Луицци решил, что рассказ о нотариусе, который мирно посапывал в метре от него, не зная, что ему в этот момент перемывают все косточки, должен так же, как и рассказ о Гангерне, каким-то образом касаться и его собственной жизни; а потому он запасся терпением, и Дьявол продолжил:
— Конечно, последняя стадия умственной деградации наступает не сразу; старший клерк еще несколько смахивает на человека — он вращается в кругу блестящих женщин, не отказывается от приглашений на чай и шумные вечерние приемы; нотариус средних лет также старается не отставать от века — по-крупному играет в картишки, заказывает ложу на премьеры, дает обеды, по-старомодному любезничает с молоденькими женщинами и позволяет себе несколько легкомысленные эскапады с не самыми дорогими красотками, чей ум или внешность шокируют добропорядочное общество.

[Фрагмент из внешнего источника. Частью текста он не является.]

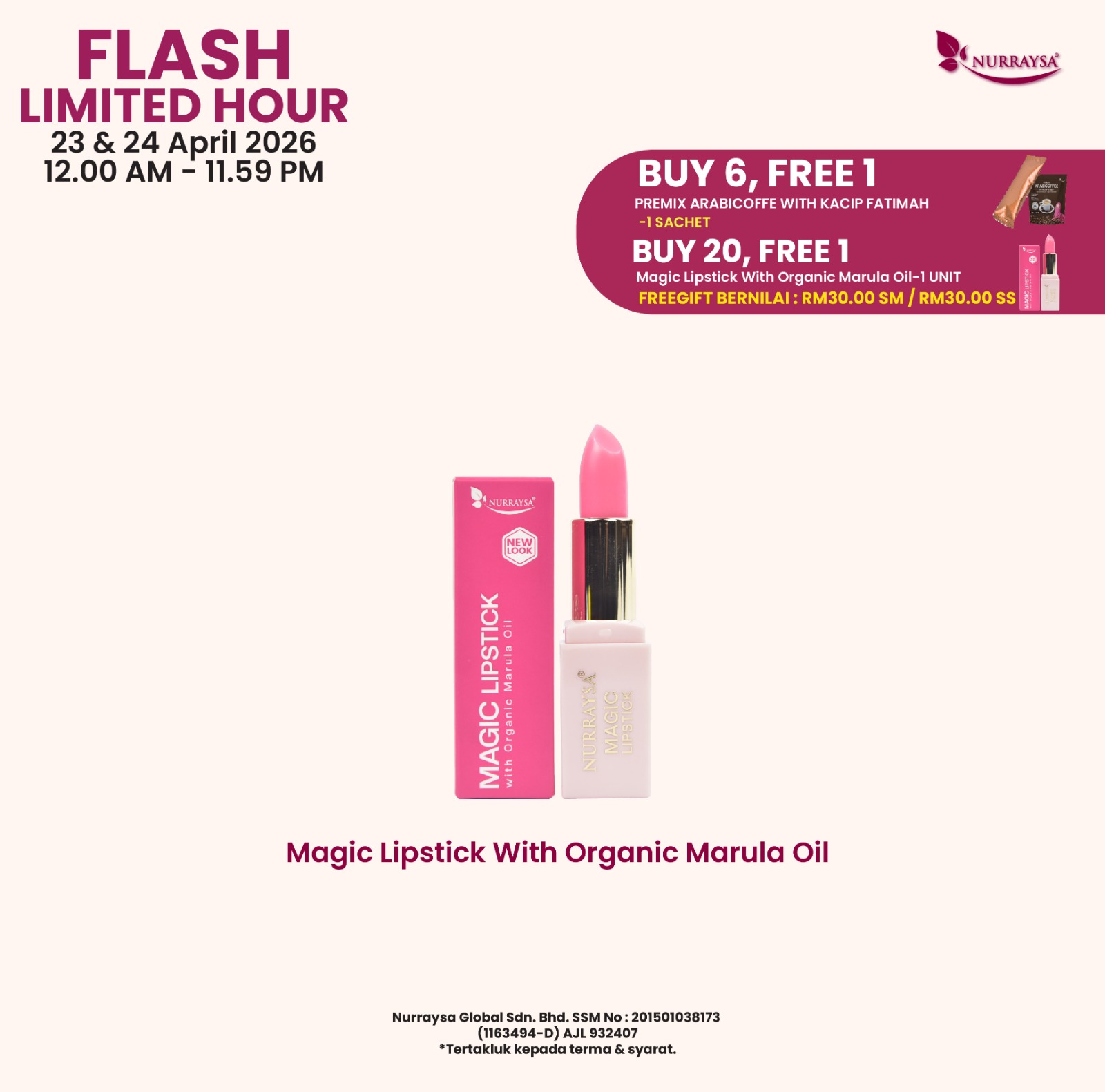 Nurraysa Glow Up Sale 11 April-09 Mei : 20 Unit Magic Lipstick with Marula Oil
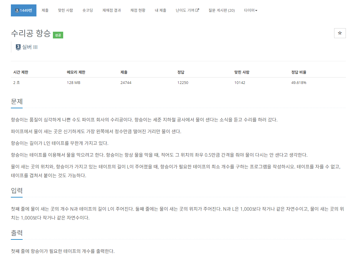 ๋ฌผ์ด ์๋ ๊ณณ์ ์์น์, ํญ์น์ด๊ฐ ๊ฐ์ง๊ณ ์๋ ํ ์ดํ์ ๊ธธ์ด L์ด ์ฃผ์ด์ก์ ๋, ํญ์น์ด๊ฐ ํ์ํ ํ ์ดํ์ ์ต์ ๊ฐ์๋ฅผ ๊ตฌํ๋ ํ๋ก๊ทธ๋จ์ ์์ฑํ์์ค. ํ ์ดํ๋ฅผ ์๋ฅผ ์ ์๊ณ , ํ ์ดํ๋ฅผ ๊ฒน์ณ์ ๋ถ์ด๋ ๊ฒ๋ ๊ฐ๋ฅํ๋ค.
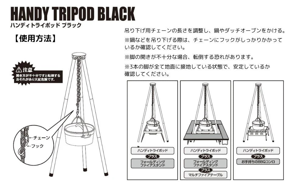 - 焚火での吊り下げ調理に。
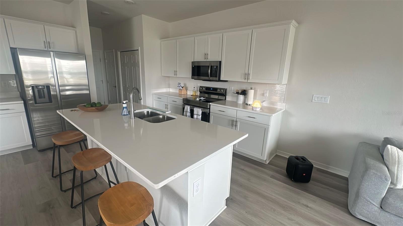 Grande oportunidade de possuir um moderno, como o New Townhome em uma área em rápido crescimento, com enorme potencial para apreciação futura. Esta unidade de canto Townhome tem apenas 1 vizinho adjacente para adicionar privacidade. Está convenientemente localizado ao lado do pool comunitário para facilitar o acesso. Desfrute de todos os toques modernos que esta casa recursos, como aparelhos atualizados com armários leves, backsplash e balcões de quartzo na cozinha, pisos laminados em todo o primeiro andar, atualizando armários.
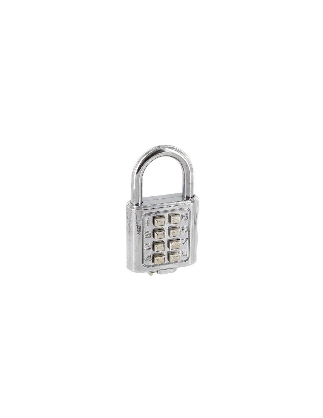 Combinación digital programada. Asa y cuerpo de acero niquelado. Ancho 35mm.Candado con código
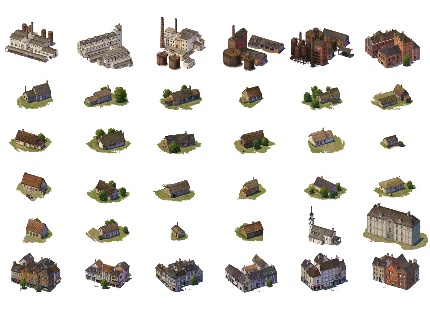 Below you can see some initial versions of Eastern European buildings, prior to testing them in game.
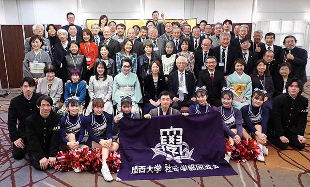 2024年2月17日 大阪新阪急ホテルにて、社会学部同窓会「第三学舎」新年総会を開催しました。社会学部同窓会は2001年に設立されましたが、関大応援団の正式参加は総会含めて初めてでした。第102代森口友翔応援団長指揮での学歌斉唱で背筋が伸びると共に一気に盛り上がりました。
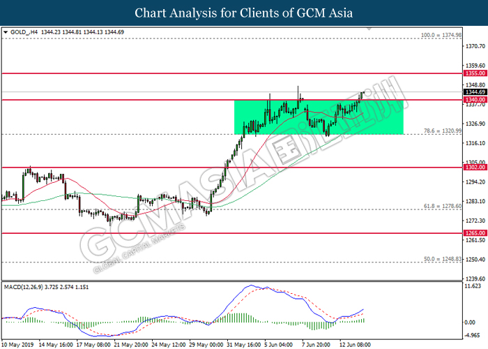 GOLD_, H4: Gold price was traded higher after closing above the resistance of 1340.00. MACD which illustrate bullish signal suggests its prices to advance further up, towards the direction of 1355.00.
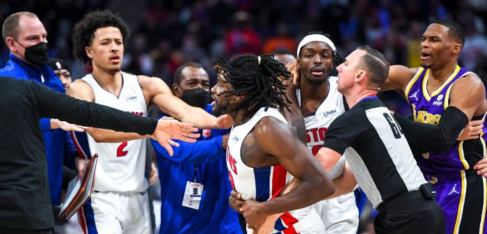 24直播网11月23日讯,在昨日湖人与活塞的常规赛中,詹姆斯因在争取篮板卡位中肘击活塞球员斯图尔特被判二级恶意犯规驱逐。
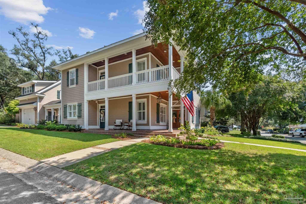 Enjoy the elegance, and convenience of East Pensacola Heights living in this exceptionally appointed 4-bedroom, 3-bathroom home with a detached 1-bedroom, 1-bathroom apartment. From the moment you arrive, the two-story façade framed by lush landscaping and gas lanterns sets the stage for the sophistication inside. The main home offers soaring ceilings with crown molding and recessed lighting, engineered hardwood floors, LVP and plantation shutters throughout. The gourmet kitchen features honed black granite countertops, a 36” professional gas stove with cast iron griddle, custom hood, and brand-new LG Smart refrigerator and dishwasher (2024). A walk-in pantry with wood shelving, wet bar with wine refrigerator, and custom cabinetry provide exceptional storage and functionality. The open living area is ideal for entertaining, with a full guest suite and bath on the main level, along with a mudroom, custom desk/office space, and built-in lockers. Upstairs, the spacious master suite offers a spa-like bathroom with an oversized cast iron soaking tub, tiled walk-in shower, and a custom-built closet. Two additional bedrooms, a full bathroom, an upstairs laundry room and multiple linen closets complete the second floor. Outdoor living includes expansive wraparound porches upstairs and down with beautiful tongue and groove ceilings—plus a brick-paver courtyard, irrigation system on a separate meter, outdoor hot water shower, and private entertaining spaces. The detached apartment above the garage has been fully updated with a new deck, exterior elevator, plantation shutters, on-demand water heater, and lighting, making it perfect for guests or as a short-/long-term rental. Additional upgrades include a new roof (2020), tankless Rinnai hot water heater (2024), Cat 5 wiring, hurricane fabric/vinyl shields for all windows and doors. Buyer to verify all measurements and information.
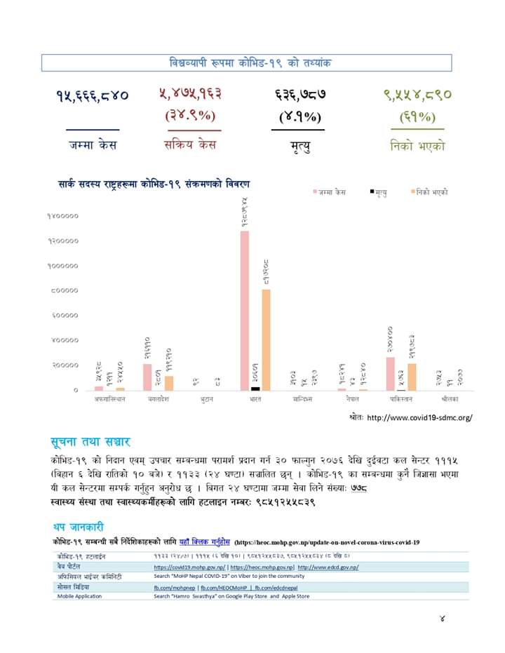 विश्वभर हालसम्म कोरोनाको जम्मा केस संख्या १,५६,६६,८४० रहेको छ भने सक्रिय संक्रमित संख्या ५४,७५,१६३ रहेको छ । हालसम्म मृत्यु हुने विरामीको संख्या ६,३६,७८७ पुगेको छ । निको भई घर फर्कनेको संख्या ९५,५४,८९० जना रहेको छ ।

Перейдя сорокалетний рубеж, нотариус играет в вист{106} уже только по маленькой, а обедать предпочитает дома; театр наводит на него скуку, зато в деревне он чувствует себя прекрасно; в любую погоду он выходит на прогулку, дабы размять кости, снимает номер для дочери привратника, отдает в ремонт старые шляпы и подает прошение об ордене Почетного легиона{107}. К пятидесяти годам он уже круглый идиот, а к шестидесяти — впадает в полный маразм. Профессия нотариусов крайне вредна, и лучшие ученые умы напрасно бьются над облегчением участи бедняг. За открытие метода сохранения потенциала их мозга нужно учредить не меньший приз, чем за исследования в области охраны здоровья зеркальщиков или лудильщиков.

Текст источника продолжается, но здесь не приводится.